最近Charさんが取り組んでいる「TRADROCK」について教えてください。 デビューが76年だから、今年でデビュー35年、ギターを弾いて45年以上になるけど、その間、音楽業界、レコードビジネスがものすごく変わったよね。それで自分を見つめ直す意味もこめて、デビューするまでの期間に、自分はどんなアーティストに影響されてきたのか振り返ろうと思った。65年から75年までの10年間は特にいろんなアーティストが出てきたんだけど、とりあえずロックだから6アーティスト、ピックアップした。自分がいちばん影響を受けたヤードバーズの3人、エリック、ジェフ、ペイジ、そして歌モノとしてのビートルズ、エレキを俺に弾かせてくれたきっかけとなったベンチャーズ、そしてエレキギターの可能性を最大限まで高めたヘンドリックス。彼らをもういちど自分でアレンジすることで、今後「自分に何ができるのか」「どんなオリジナルが作りたいのか」ということが見えてくるんじゃないか、と思った。できれば音源だけじゃなくて、メンバーが一発で演奏している映像を撮ってシリーズ化したいと思ったんだけど、メジャーでは縛りが多すぎてできないから、まずはZICCAというレコード会社を作って、いろんなものを自由に配信できてネゴシエートできるようにして、それでこのプロジェクトをはじめたんだ。
「TRADROCK」で取り上げているルーツロック的なものは若い人にも新鮮かもしれませんね。 そうなんだよ。家の子ども達を見ていても、80年代や90年代はそれなりのロックを聴いていても、気がついたらヘンドリックスを聴いてるし、レッド・ツェッペリンを聴いてるわけ。「オヤジ、やっぱりいいよね」とか言って。これがクラシックだったらなるべく形を変えずに昔のまま演奏するんだろうけど、ロックなら変えていいと思うんだ。そのままじゃつまんないしね。それがトラッドという意味。トラッドっていうのは、親父が着ていたスーツにパッチを当てて、いま風にアレンジして着る、っていうことじゃん。ロックってそういうことをやっていい音楽じゃないかと思うんだ。でもTRADROCKをやるにあたっては、原曲をもう一度、全部一通りコピーしたんだよ! 耳コピでね。

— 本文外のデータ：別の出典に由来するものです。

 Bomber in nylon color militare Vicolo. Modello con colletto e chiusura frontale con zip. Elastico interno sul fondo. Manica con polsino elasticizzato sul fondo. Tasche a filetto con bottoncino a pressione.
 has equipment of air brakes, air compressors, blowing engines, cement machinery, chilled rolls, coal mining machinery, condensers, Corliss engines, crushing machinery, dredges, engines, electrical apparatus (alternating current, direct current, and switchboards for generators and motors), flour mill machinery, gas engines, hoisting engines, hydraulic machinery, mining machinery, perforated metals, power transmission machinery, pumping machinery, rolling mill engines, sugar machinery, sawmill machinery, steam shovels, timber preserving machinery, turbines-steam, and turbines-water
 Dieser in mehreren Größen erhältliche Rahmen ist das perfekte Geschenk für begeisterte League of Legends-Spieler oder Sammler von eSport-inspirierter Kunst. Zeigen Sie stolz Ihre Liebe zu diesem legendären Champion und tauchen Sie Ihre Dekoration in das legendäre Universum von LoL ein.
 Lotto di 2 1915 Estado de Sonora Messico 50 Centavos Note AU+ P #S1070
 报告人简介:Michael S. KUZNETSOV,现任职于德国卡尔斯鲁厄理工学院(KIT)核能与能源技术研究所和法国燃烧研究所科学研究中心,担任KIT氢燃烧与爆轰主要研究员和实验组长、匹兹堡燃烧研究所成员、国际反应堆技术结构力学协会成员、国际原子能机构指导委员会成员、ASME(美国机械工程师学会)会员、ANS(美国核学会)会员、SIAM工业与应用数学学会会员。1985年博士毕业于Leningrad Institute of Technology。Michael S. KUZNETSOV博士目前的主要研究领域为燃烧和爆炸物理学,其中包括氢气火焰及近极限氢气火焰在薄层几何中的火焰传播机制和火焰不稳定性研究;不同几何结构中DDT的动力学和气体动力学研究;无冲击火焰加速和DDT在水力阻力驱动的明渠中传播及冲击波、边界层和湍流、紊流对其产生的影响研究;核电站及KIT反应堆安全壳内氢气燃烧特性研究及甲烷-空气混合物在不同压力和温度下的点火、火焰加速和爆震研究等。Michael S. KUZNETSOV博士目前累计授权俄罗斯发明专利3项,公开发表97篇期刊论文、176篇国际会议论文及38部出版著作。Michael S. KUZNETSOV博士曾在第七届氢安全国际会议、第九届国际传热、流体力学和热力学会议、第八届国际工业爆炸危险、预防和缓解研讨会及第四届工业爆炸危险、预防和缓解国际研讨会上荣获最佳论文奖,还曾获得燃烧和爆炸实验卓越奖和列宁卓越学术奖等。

本当ですか! やってみたら「あー、ベンチャーズなめてたなー、みたいな。」(笑)。当時は子どもだったから、かなりいい加減だったなと。今やってみると結構大変で。特にベンチャーズがいちばん大変。エレキを流行らせた原点のバンドだけど、テケテケしてるだけじゃなくて、さすがにそれを裏付けているテクニック、アンサンブルがすごい。ごまかしがきかない。歌がないからさ。
ベンチャーズって凄いんですね。 『キャラバン』で練習しないと弾けないフレーズがあったね。こんなにギター練習したのは中学校以来じゃないかな。ピアノでいえばバイエルが表現豊かに弾けるのか、ブルグミュラーが弾けるのか、ハノンがちゃんとした運指で弾けるのかということと同じ、「苦手克服」ってヤツですか(笑)。ここまで来ると、普通もう原点には戻らないじゃない。それをもう一度しっかりやろうと。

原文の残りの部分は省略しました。